Naar ons idee kan psychopathologie dus in belangrijke mate worden beschouwd als het onvermogen om afstand te nemen van storende preoccupaties en we vragen ons af welke technieken geschikt zijn om het storende en het gepreoccupeerde op te heffen. Voor het beantwoorden daarvan hebben we de hulp ingeroepen van een gezelschap gerenommeerde behandelaars en onderzoekers. Aan ieder van hen hebben we gevraagd de stoornis en de behandelingen op het gebied waarop zij expert zijn, te beschrijven vanuit het perspectief van storende preoccupaties en om manieren aan te geven om daarvan los te komen.

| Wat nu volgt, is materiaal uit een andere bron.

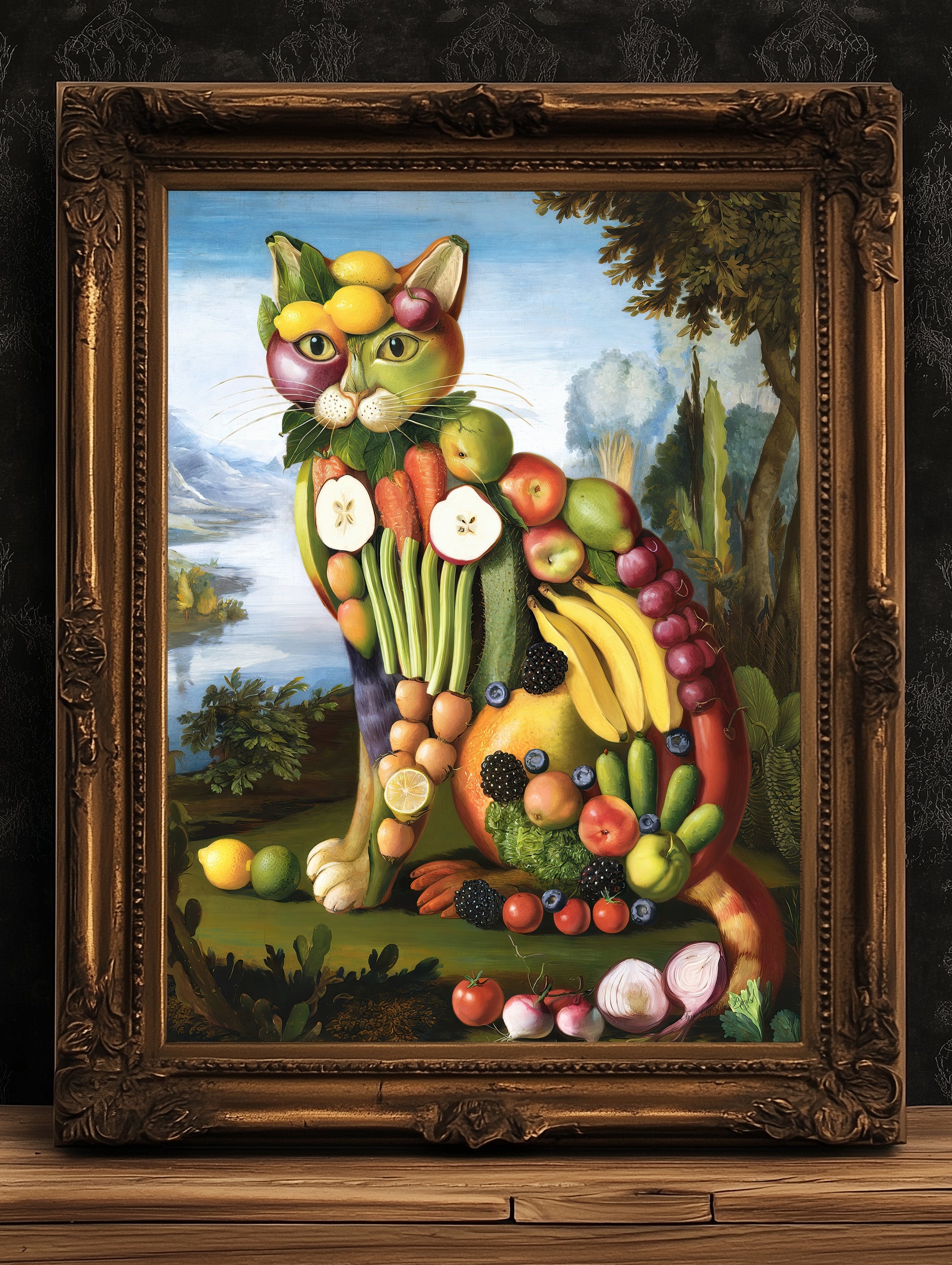This funny playful and artistic painting will bring a humourous dopamine charged twist to your decor with this eccentric whimsical vegetable fruit cat painting. Inspired by Renaissance and Baroque still life paintings and Giuseppe Arcimboldo grotesque style, this surreal composition transforms fresh produce into a regal canine portrait. The intricate details, rich colors, and classical background make it an eye-catching statement piece for kitchens, dining rooms, or eclectic gallery walls. Would be a perfect and unique gift for chefs, weirdcore lover, a house warming present, Perfect Gift for Food and cooking enthusiasts, cat lovers who appreciate unique art, Fans of Renaissance and Baroque paintings and Anyone who enjoys whimsical and surreal decor
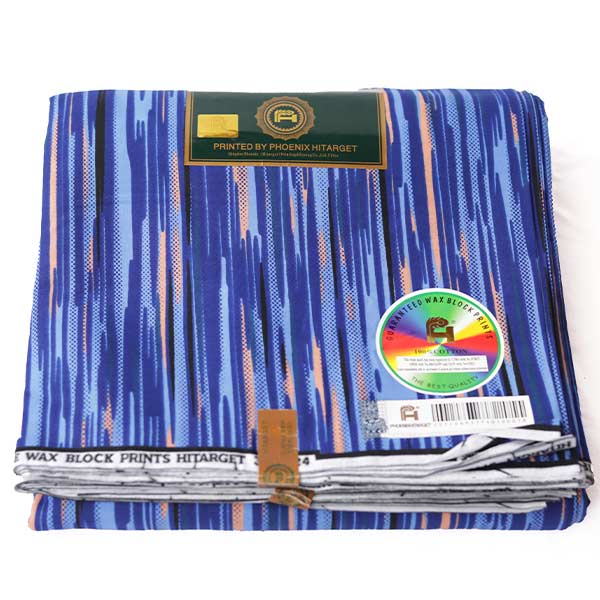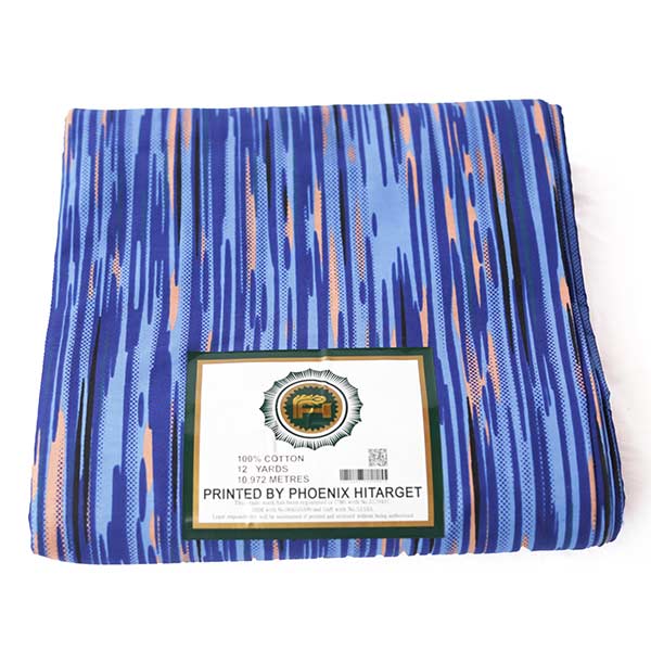 The Hitarget Blue Fabric with Black and Blush Vertical Prints makes every outfit you sew pop with its black and blush vertical prints running boldly on the blue base.
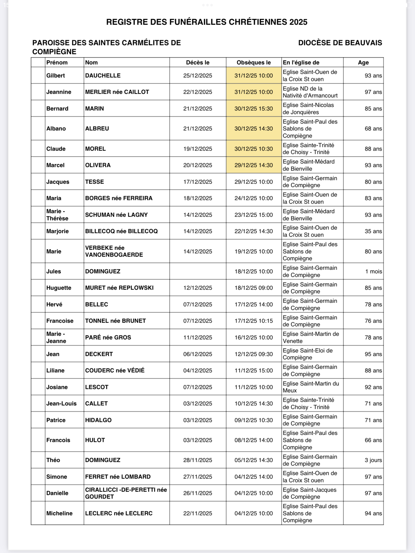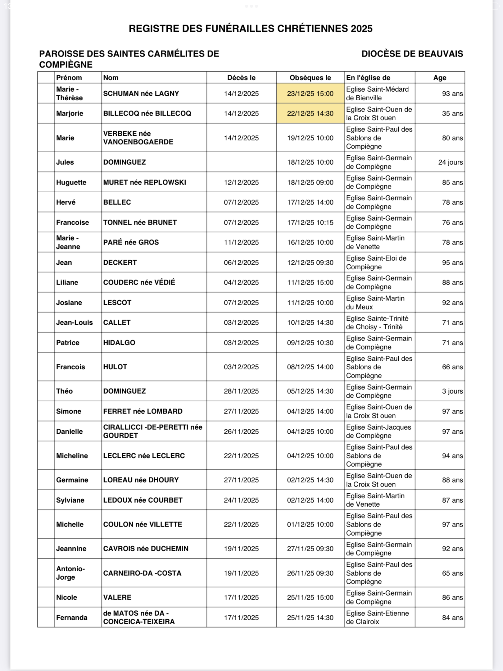 Actualités paroissiales
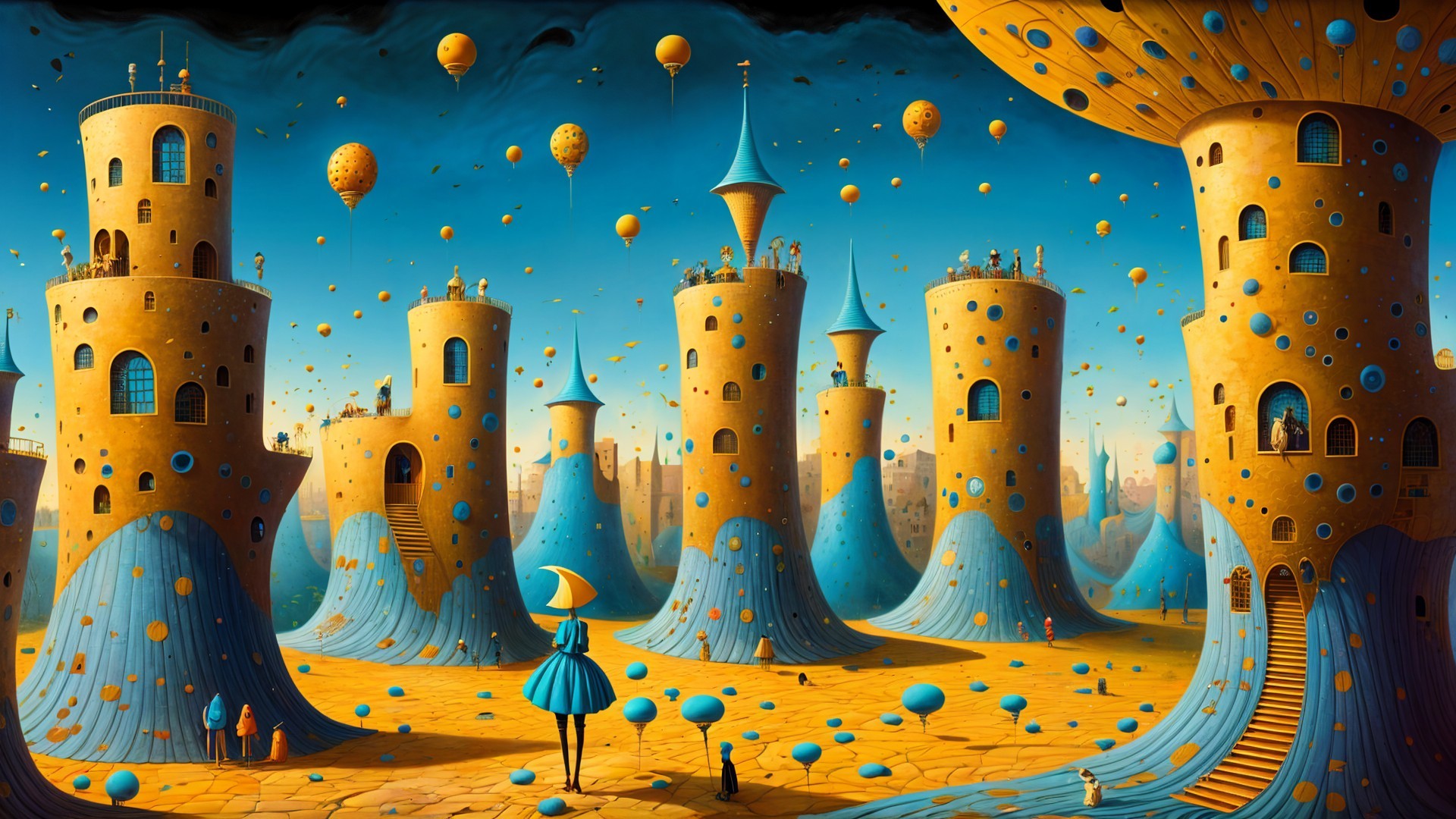 A whimsical landscape features brightly colored, cone-shaped towers under a sky filled with hot air balloons. A girl in a blue dress holds an umbrella, surrounded by playful scenes.
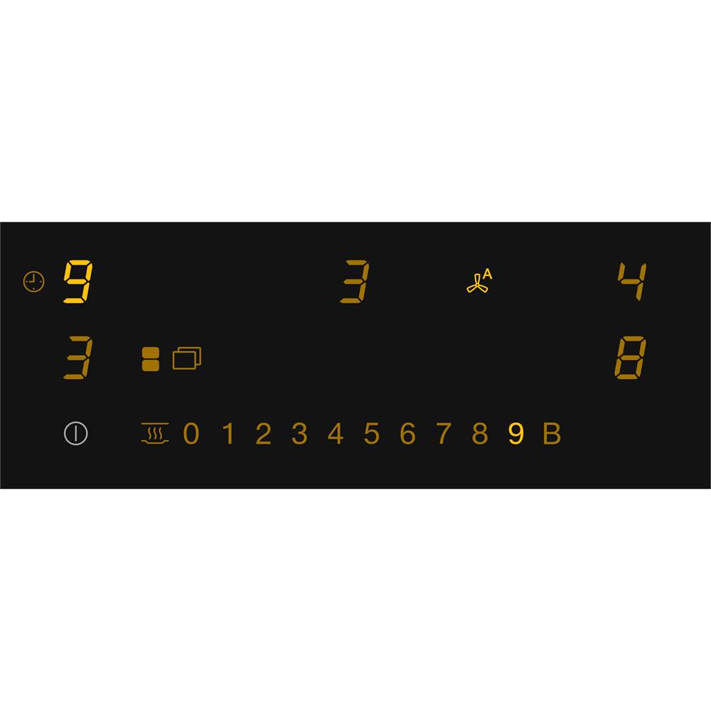 - Kompakt und komfortabel: Alle Kochzonen sowie den Lüfter steuern Sie übersichtlich über eine zentrale Zahlenreihe.
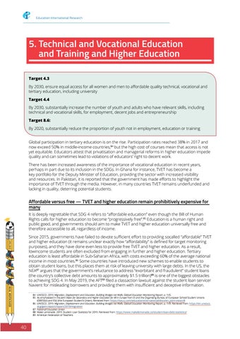 5. T echnical and Vocational Education and Training and Higher Education Target 4.3 By 2030, ensure equal access for all women and men to affordable quality technical, vocational and tertiary education, including university Target 4.4 By 2030, substantially increase the number of youth and adults who have relevant skills, including technical and vocational skills, for employment, decent jobs and entrepreneurship Target 8.6: By 2020, substantially reduce the proportion of youth not in employment, education or training Global participation in tertiary education is on the rise. Participation rates reached 38% in 2017 and now exceed 50% in middle-income countries,84 but the high cost of courses mean that access is not yet equitable. Educators attest that privatisation and managerial reforms in higher education impede quality and can sometimes lead to violations of educators’ right to decent work. There has been increased awareness of the importance of vocational education in recent years, perhaps in part due to its inclusion in the SDGs. In Ghana for instance, TVET has become a key portfolio for the Deputy Minister of Education, providing the sector with increased visibility and resources. In Pakistan, it is reported that the government has made efforts to highlight the importance of TVET through the media. However, in many countries TVET remains underfunded and lacking in quality, deterring potential students.
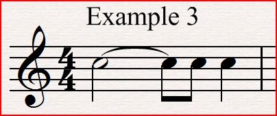 Example 3 shows how a tie may be used to create a note of any length. It is not possible to write a single note of two and a half beats but this example shows how useful a tie can be.
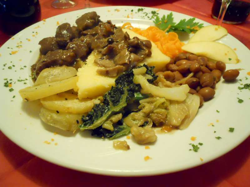 Piatto forte tra quelli di carne, è lo stinco al forno con polenta ai funghi e formaggio ma soddisfare l’appetito c’è anche il goulash di cervo. Dello stesso livello sono i dessert: il tradizionale strudel di mele e il semifreddo all’amaretto, vanno assolutamente provati.

Dit themanummer bevat hun intrigerende en inspirerende reacties. Onze overtuiging dat storende preoccupaties een van de belangrijkste grootste gemene delers is van de psychopathologie, is erdoor gesterkt. Dat een belangrijk deel van de behandeling daarom geregeld op hetzelfde neerkomt, is dan ook niet meer dan logisch. Het is in ons vak toch vaak hetzelfde drama in een steeds wisselend decor!

Summary

In this special issue, psychopathology is put in the perspective of dysfunctional preoccupations. Renowned authors describe a syndrome and its treatment from this point of view.

Referenties

Hayes, S.C., Masuda, A., & Mey, H. de (2003). Acceptance and Commitment Therapy: een derde-generatie gedragstherapie. Gedragstherapie, 36, 69-97.

Rijnders, P. (2004). Overzicht, inzicht, uitzicht. Een protocol voor kortdurende psychotherapie. Houten: Bohn Stafleu Van Loghum.

Icoon

DT-25-02-96.pdf 598.85 KB 537 downloads

Storende preoccupaties: wat doe je ertegen? ...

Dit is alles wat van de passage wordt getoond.